Per-world GameObject managers¶
Each world gets its own RenderableGameObjectManager. The manager subscribes to OnAdded / OnRemoved on its world's accessor, so its lifetime — and the GameObjectId counter it allocates from the world's heap — is 1:1 with a single World. GameObjectId values are world-local; either world can be snapshotted independently and its GameObjects will be rebuilt deterministically from its entity set.
What's process-global vs per-world¶
- Per-world — entity store, component arrays, system instances, accessors, RNG, blob cache, event manager, interpolation. Everything holding simulation state.
- Process-global — component / tag / set type IDs (
ComponentTypeId<T>,Tag<T>,EntitySet<T>), plus theWorldRegistrylisting active worlds. Stable identifiers, not state.
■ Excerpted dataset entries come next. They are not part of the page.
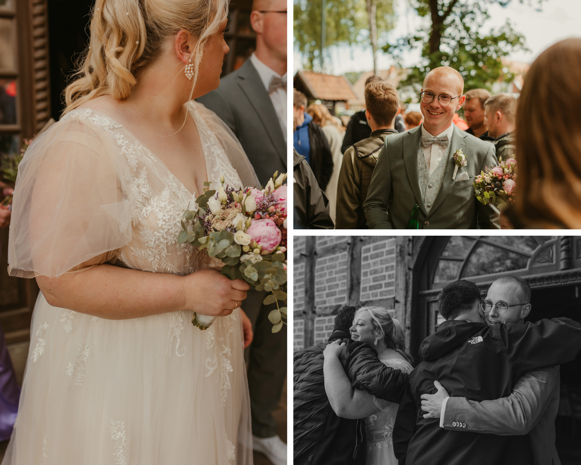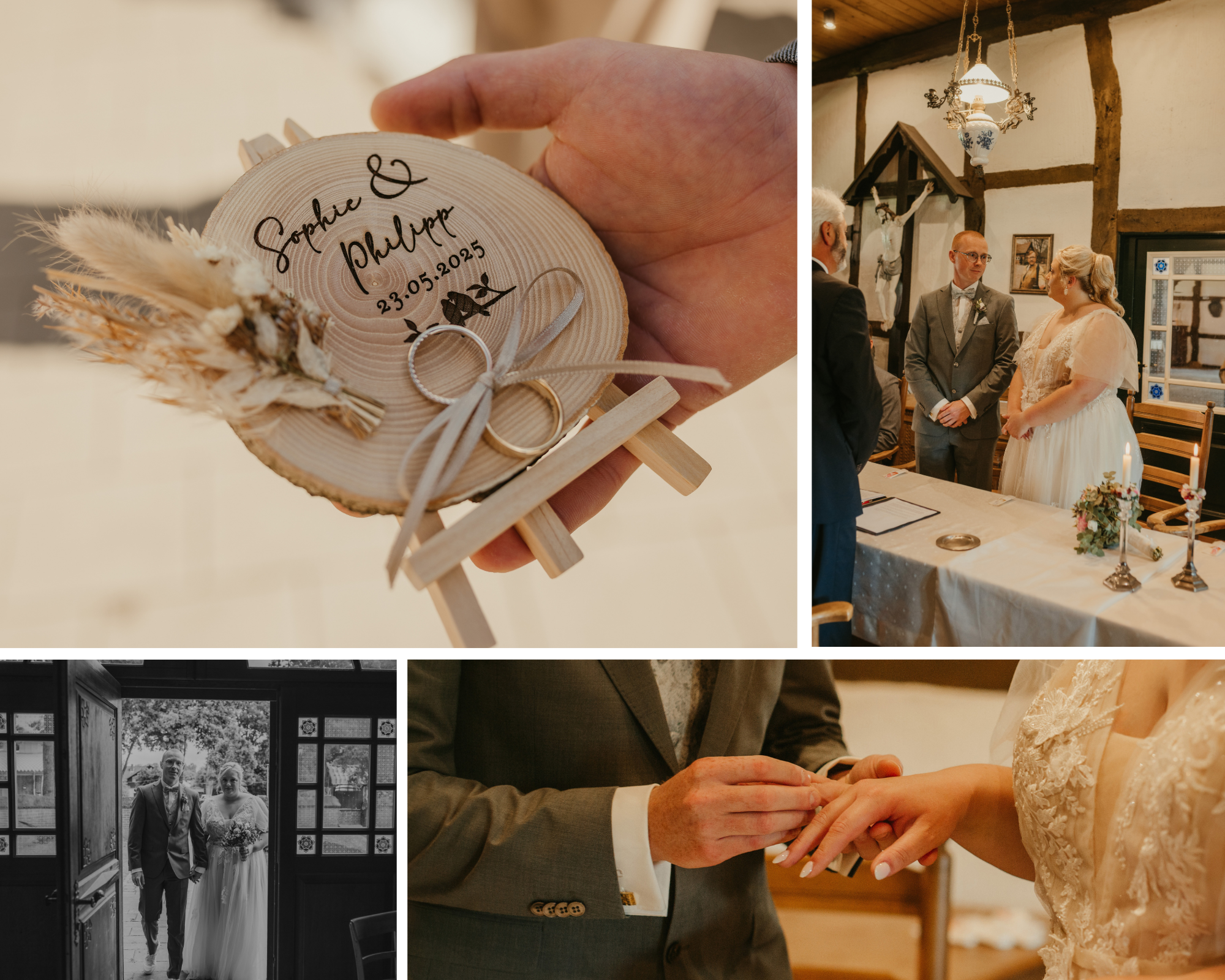 Im Anschluss an das Brautpaarshooting sind wir zu den Heimathäusern in Haselünne gefahren, wo die standesamtliche Trauung der beiden stattfand. Super hübsch fand ich auch die Ringstaffelei, die die beiden für ihre Eheringe mitgebracht hatten.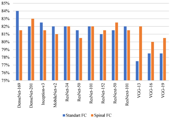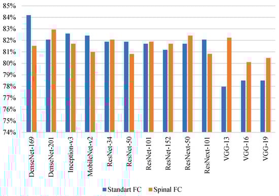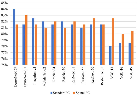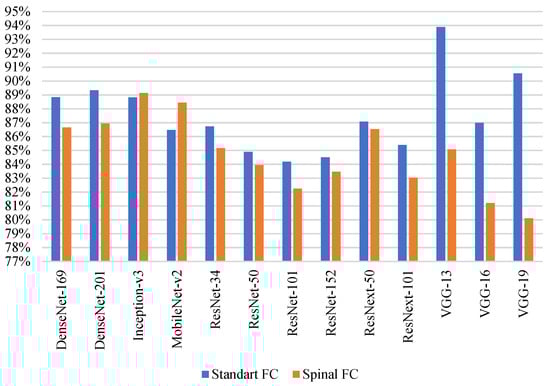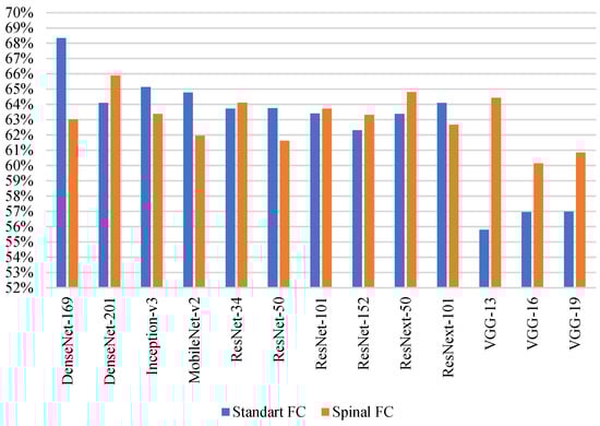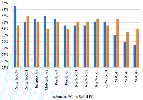 Figure 21 shows that the highest training accuracy in classification is achieved by VGG13 among models with Standard FC and by InceptionV3 among models with Spinal FC. The test accuracy in Figure 22, the precision in Figure 23, the recall in Figure 24, the F1-score in Figure 25, and Cohen’s kappa score in Figure 26 show that the highest scores are achieved by DenseNet169 among models with Standard FC and by DenseNet201 among models with Spinal FC.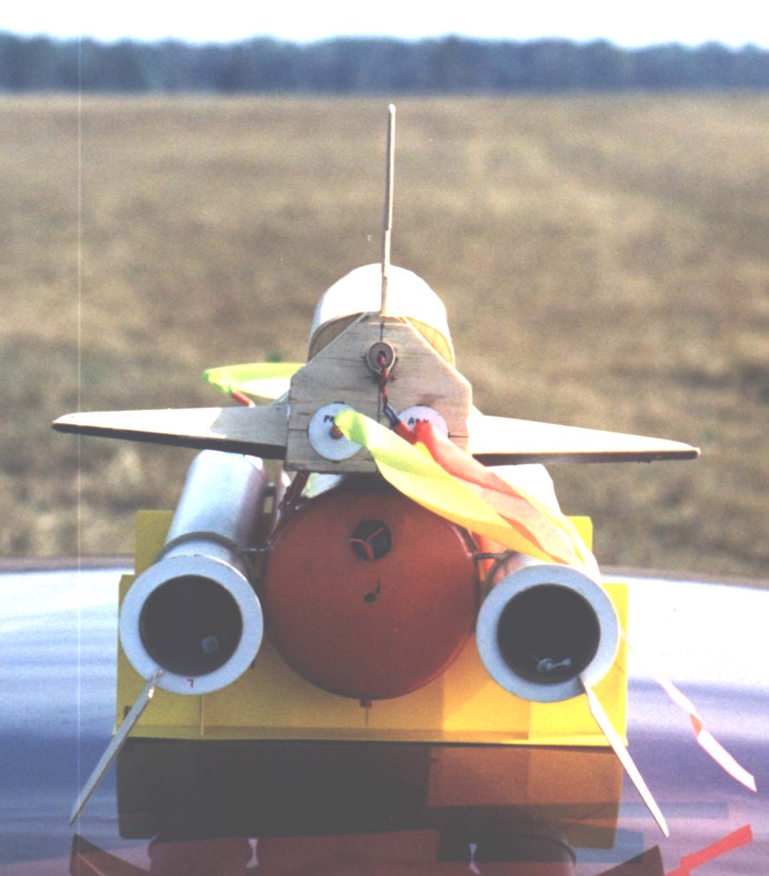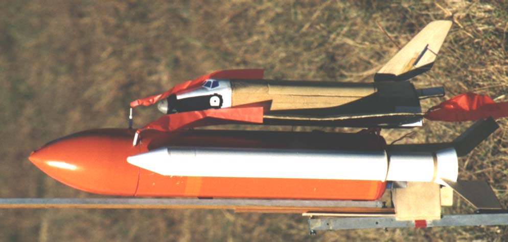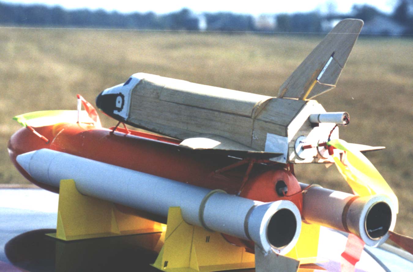 | The old 1982 piggyback orbiter had crashed a few years before, the piggyback booster chute failed and the orbiter did not come off, as it had no R/C sep. Also it had become to costly to fly on F15 motors. The 1992 orbiter solved those shortcomings, with R/C sep at any time and reasonable motor cost. | Piggyback_1_60.JPG | | N-40 Shuttle-1_Vern.jpg | N-40_Shuttle_Launch.jpg |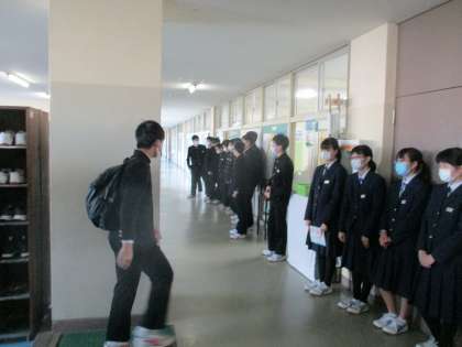 生徒玄関内で登校してきた生徒への挨拶を行いました。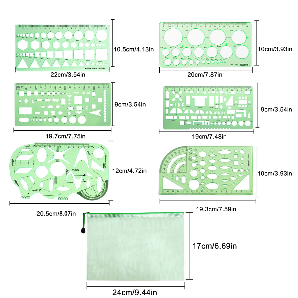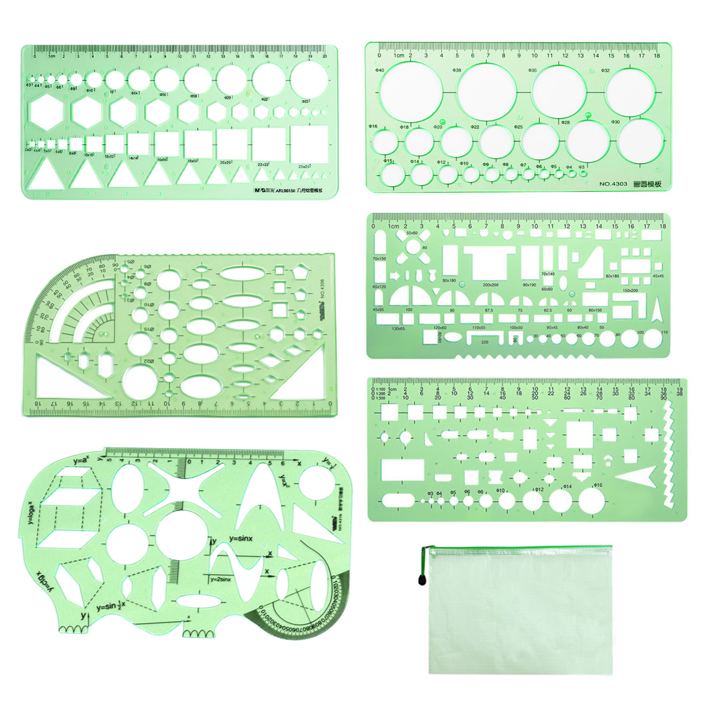 📠Ensemble de Dessin de Pochoirs: Voici 6 modèles de dessin d'architectes différents et une enveloppe à fermeture à glissière en PVC dans un paquet. Chaque gabarit de gabarit de dessin comporte plusieurs motifs. Vous pouvez les utiliser pour dessiner de nombreux motifs différents. Il comprend les cercles, les carrés, les rectangles, les triangles, les diamants, les ovales, etc.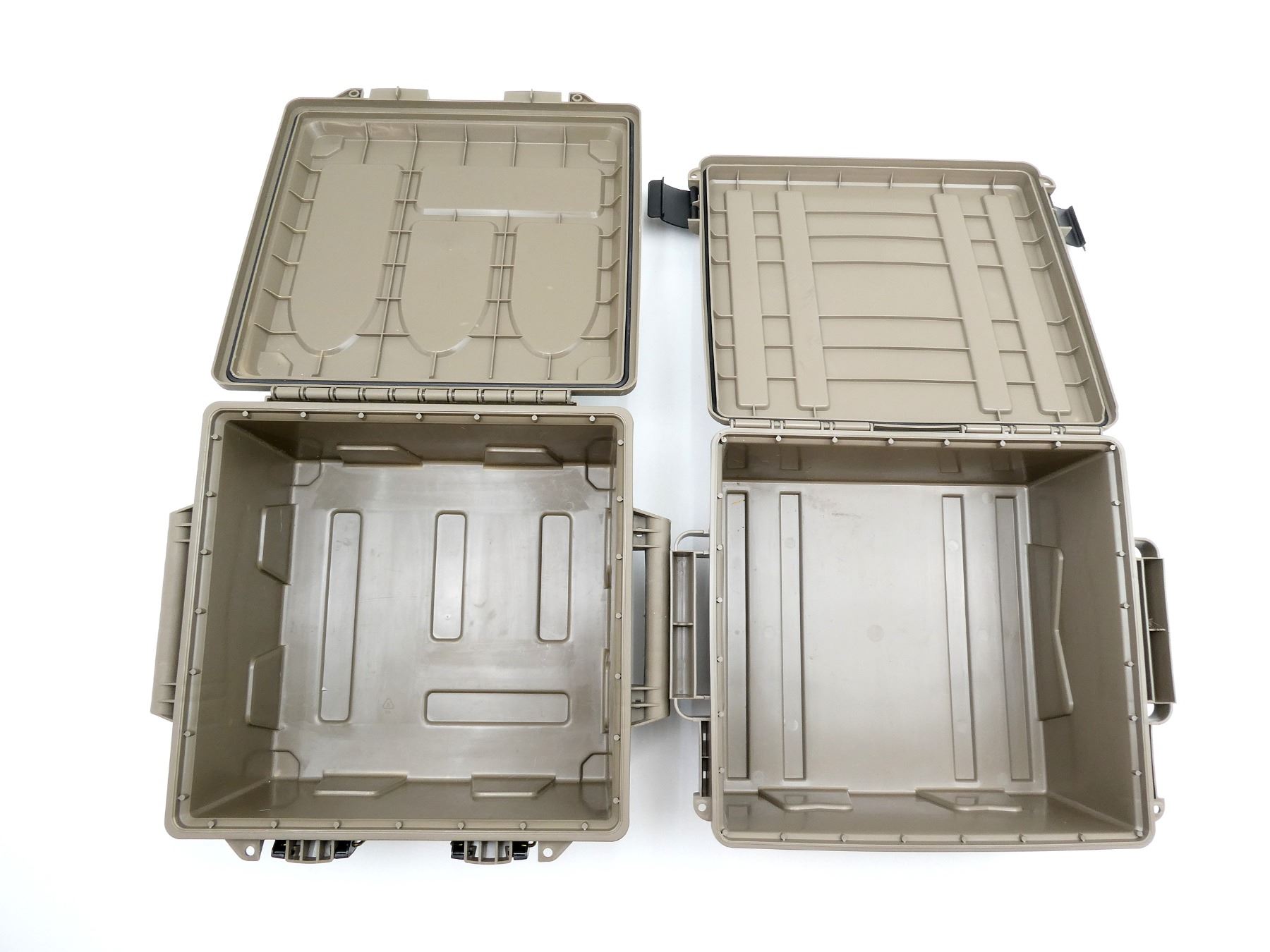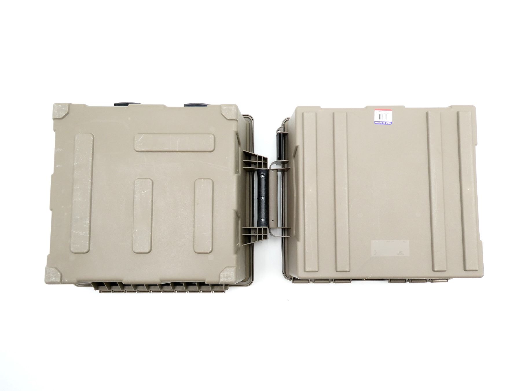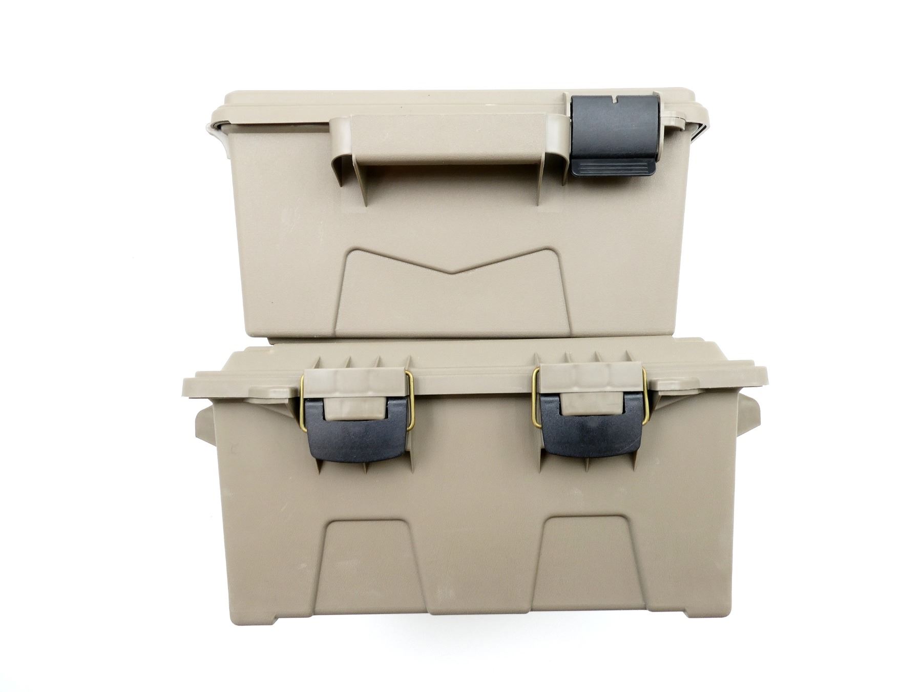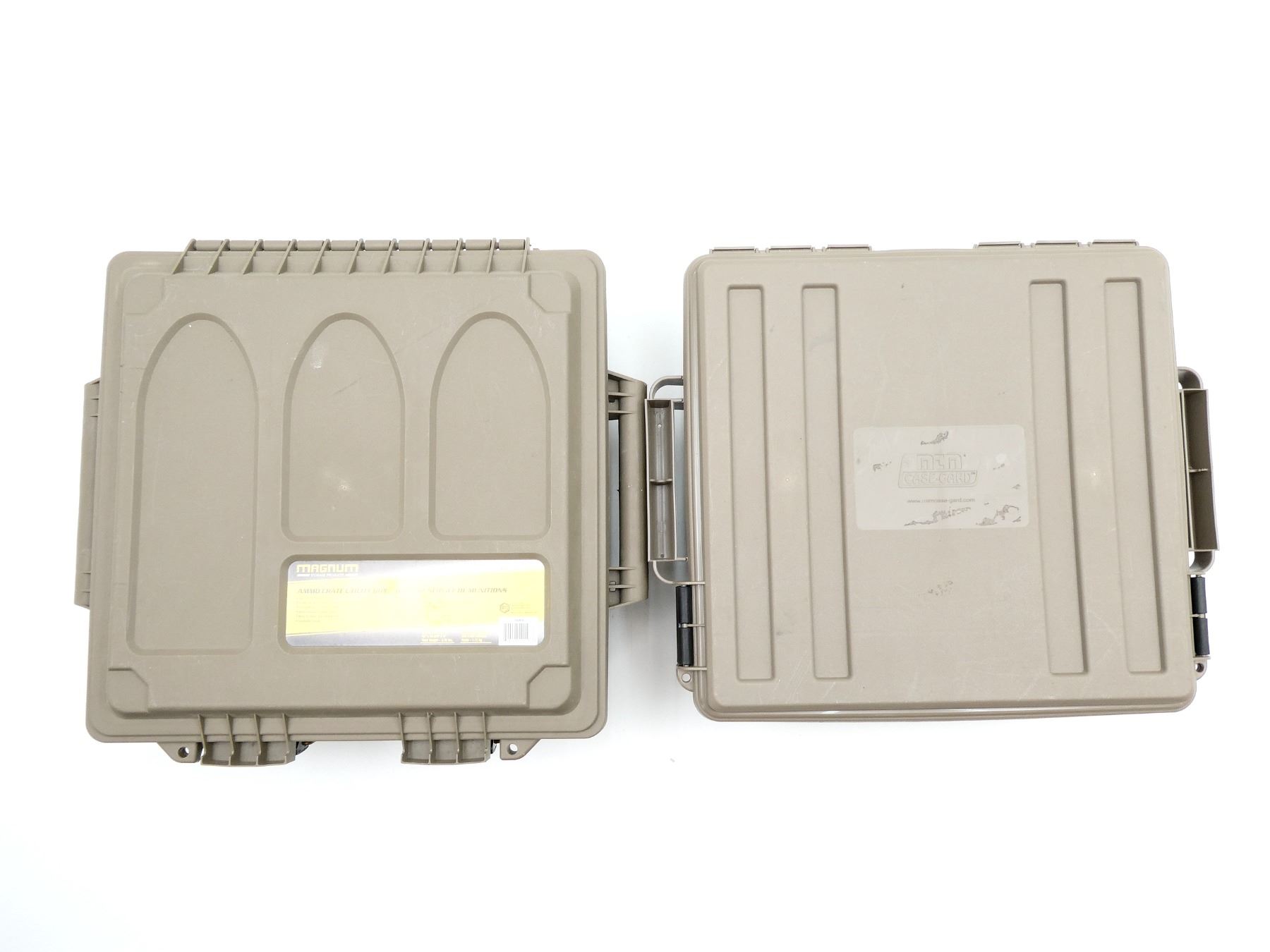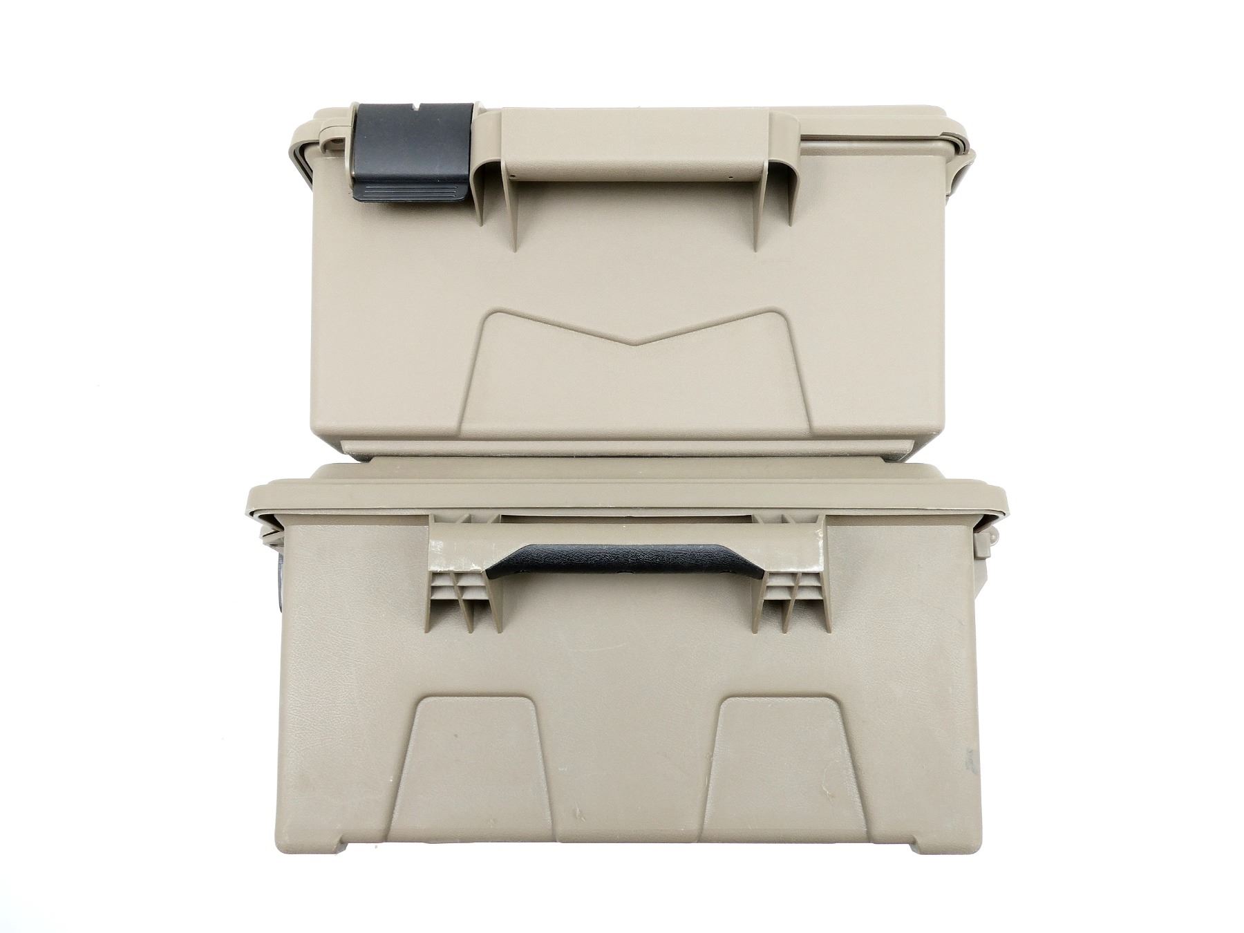 BROWN POLYMER WITH LATCHES & CARRY HANDLES, APPROX. 16.5" X 16" X 8.5", LOT INCLUDES; (1) MTM PLASTIC AMMO CRATE & (1) MAGNUM STORAGE PLASTIC AMMO CRATE. SEE PHOTOS.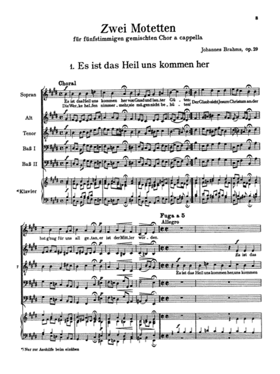Brahms 2 Motets Op.29 Es ist das Heil and Schaffe in mir - SATBB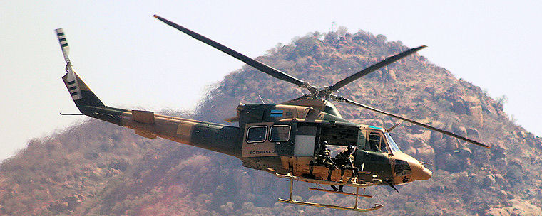 After the traditional opening parade and a welcome for President Ian Khama it was straight into the fun, starting with a mass flypast. Two flag carrying Bell 412's were closely followed by a large flag parachute jump from a Bel 412. The first highlight was the first public appearance of the BDF's Super Puma in Gaborone since its smart repaint as it came in escorted by two Eurocopter AS350's. The Super Puma has impressed so much that the local press has reported that the BDF expected to acquire another three of the type. This was then followed by a larger parachute jump from a CASA -235.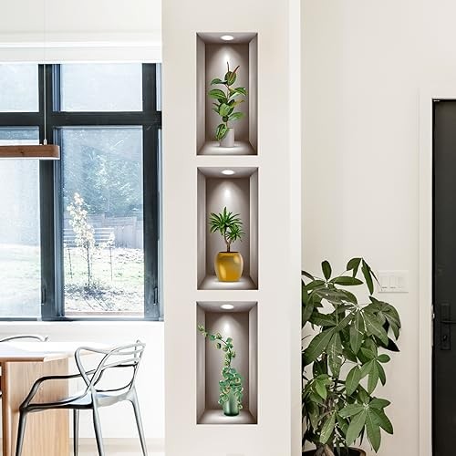 3D Potted Plants Wall Stickers Set of 3 Green Plants Leaves Wall Decals Peel

This split is what lets the same template type register in multiple worlds without conflict.
Concepts introduced¶
- Multiple
Worldinstances in one process — supported and isolated. WorldBuilder.SetDebugNamefor editor disambiguation.WorldRegistry.ActiveWorldsfor discovering all live worlds (useful for editor tooling).- Per-world pause — the application chooses when to call
Tick(); skipping the call is all "pause" means. - Per-world application services (here:
RenderableGameObjectManager) — when a service holds per-world state (an id counter on the world's heap, in this case), instantiate one per world rather than sharing.